Work request >> Reproduce everything from the line that contains "From DualShield Server" down to the line that contains "Chaleco Portaplacas Táctico" in the listing below, word for word and nothing more. Leave the pictures out.

Available data >>
——

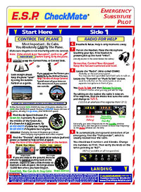 CheckMate™ assists the NON-PILOT in controlling the aircraft, reaching help on the radio, and if necessary, landing the aircraft. The graphical format makes it easy and comfortable to follow. E.S.P. CheckMate™ can easily be the difference in the outcome of this most serious type of emergency. For safety and readability, we are publishing only in 7.5" x 10" size. |
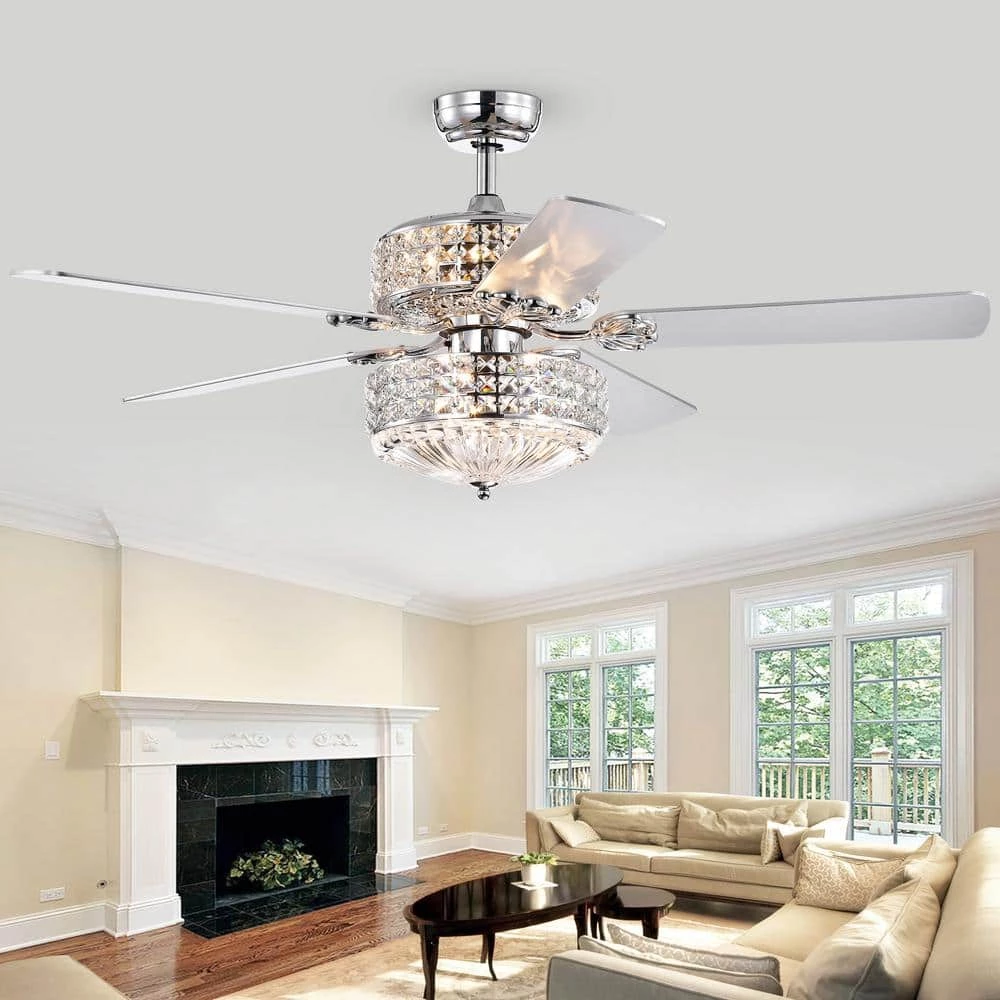 Keep the temperature comfortable year round and save money from having to turn on the air conditioning, this is only one of the benefits of installing a ceiling fan. This lighted ceiling fan introduces an elegant old world glamour and style. Both upper and lower crystal shades are lighted and offer excellent illumination. The bowl type shades use a chrome grid drum with nested crystal gems. A 3-speed motor insures you’ll find just the right level of cooling comfort that you can control with the remote control that is included.
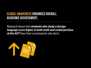 Studying abroad had a significant positive impact on subsequent education experiences for most students according to a survey, with 87% reporting an influence on later education and 86% saying it reinforced their commitment to foreign language study.
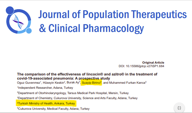 LINCOCIN® ve AZITRO® ismindeki ilaçların Covid-19 üzerindeki etkisinin karşılaştırıldığı çalışmada 5 Türkün imzası bulunuyor. İsimler arasında en dikkat çekeni, Sağlık Bakan Yardımcısı Şuayip Birinci oldu. Makalenin yazarları şöyle sıralanıyor:
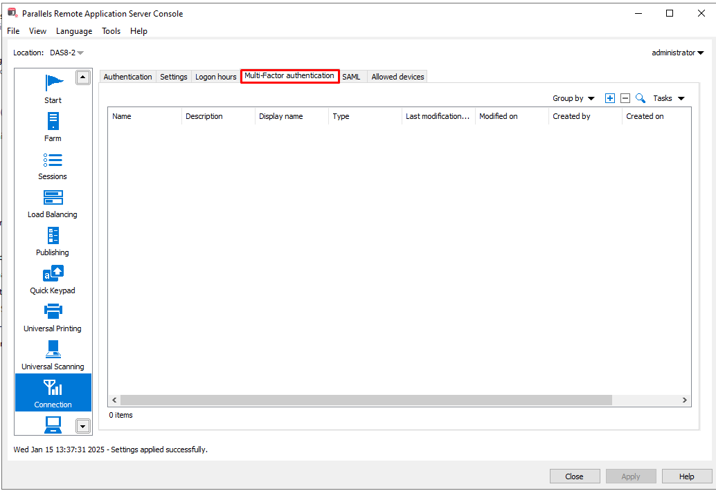 From DualShield Server perspective, Parallels (2X) Remote Application Server (RAS) is an authentication Agent. In order for Parallels (2X) Server to work with DualShield Server, you must register your Parallels (2X) Server with your DualShield Server.
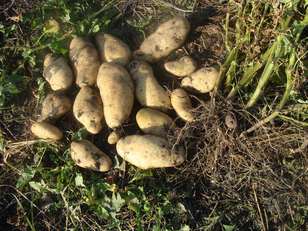 Причем клубни в таких кустах все крупные. Сравните на фото 3 маточный клубень и клубни урожая. Это я обьясняю отсутствием конкурентной борьбы внутри куста. В обычном многостебельном кусте каждый стебель — отдельное растение. И они конкурируют между собой за свет и питательные растворы. В итоге на каждом стебле-растении образуются 1-2 крупных или много мелких клубней. На растении, вырасшем из одного, но разветвленного под землей ростка клубни крупные. А за счет увеличенного этиолированного участка стеблей, клубней много.
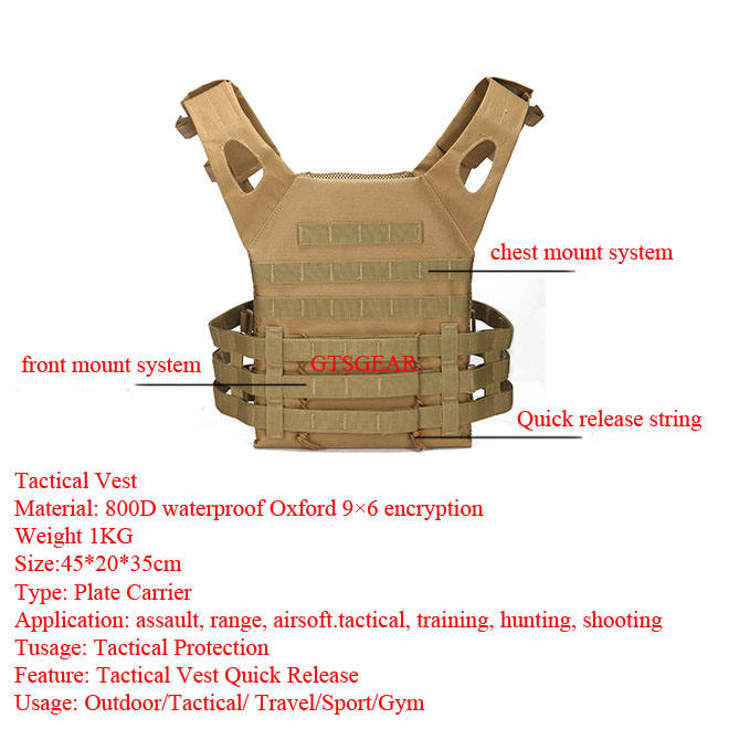 Chaleco Portaplacas Táctico de Liberación Rápida, Sistema Molle 600D, Tela Oxford Ajustable, Fácil de Desmontar para Caza al Aire Libre
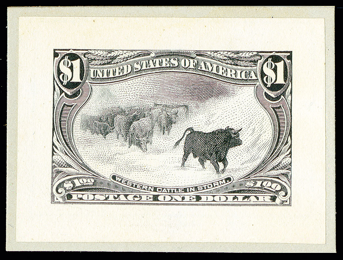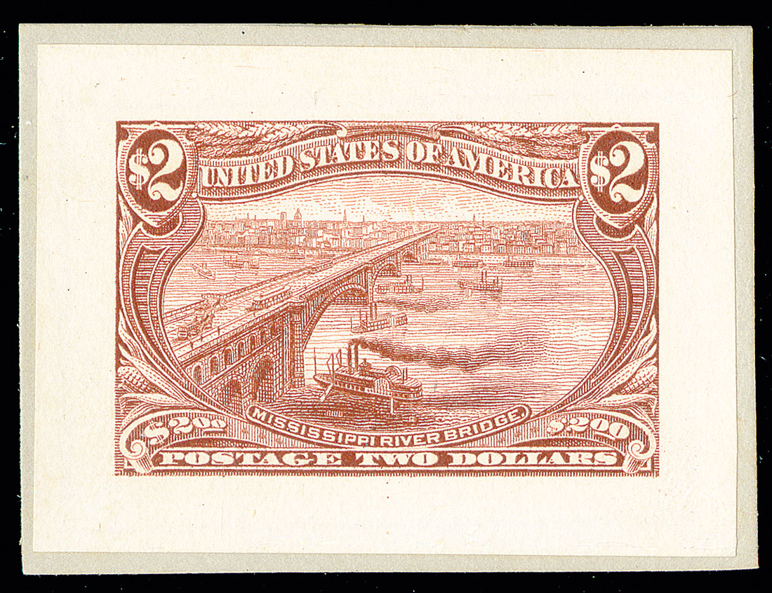 #285P2-293P2, 1c-$2.00 Trans-Mississippis, small die proofs on wove cplt., each neatly affixed to a small piece of the Roosevelt album pages, brilliant colors throughout, extremely fine and exceedingly choice; an especially attractive set of these scarce and popular proofs.
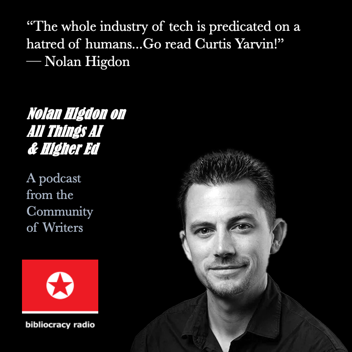 My guest this week is Dr. Nolan Higdon. Today on Bibliocracy Radio I check in again with Nolan Higdon, an activist and scholar on whose perspectives I rely as a result of reading his important work in media literacy and media criticism. Dr. Nolan Higdon is the author of multiple books and articles and academic papers, all with helpfully instructive titles which invite consideration of his analysis of a recent American Association of University Professors (AAUP) report on AI,and his own recent post “AI in Schools: IAAUP report on AI.” We further discuss our own union’s sell-out to Big Tech and the impacts economic, social, and pedagogical of the further corporatization of higher education. Read his Truth Dig article Randi Weingarten’s AI Betrayal. And see his Substack: https://nolanhigdon.substack.com/

——

Answer for this exercise >>
 From DualShield Server perspective, Parallels (2X) Remote Application Server (RAS) is an authentication Agent. In order for Parallels (2X) Server to work with DualShield Server, you must register your Parallels (2X) Server with your DualShield Server.
 Причем клубни в таких кустах все крупные. Сравните на фото 3 маточный клубень и клубни урожая. Это я обьясняю отсутствием конкурентной борьбы внутри куста. В обычном многостебельном кусте каждый стебель — отдельное растение. И они конкурируют между собой за свет и питательные растворы. В итоге на каждом стебле-растении образуются 1-2 крупных или много мелких клубней. На растении, вырасшем из одного, но разветвленного под землей ростка клубни крупные. А за счет увеличенного этиолированного участка стеблей, клубней много.
 Chaleco Portaplacas Táctico de Liberación Rápida, Sistema Molle 600D, Tela Oxford Ajustable, Fácil de Desmontar para Caza al Aire Libre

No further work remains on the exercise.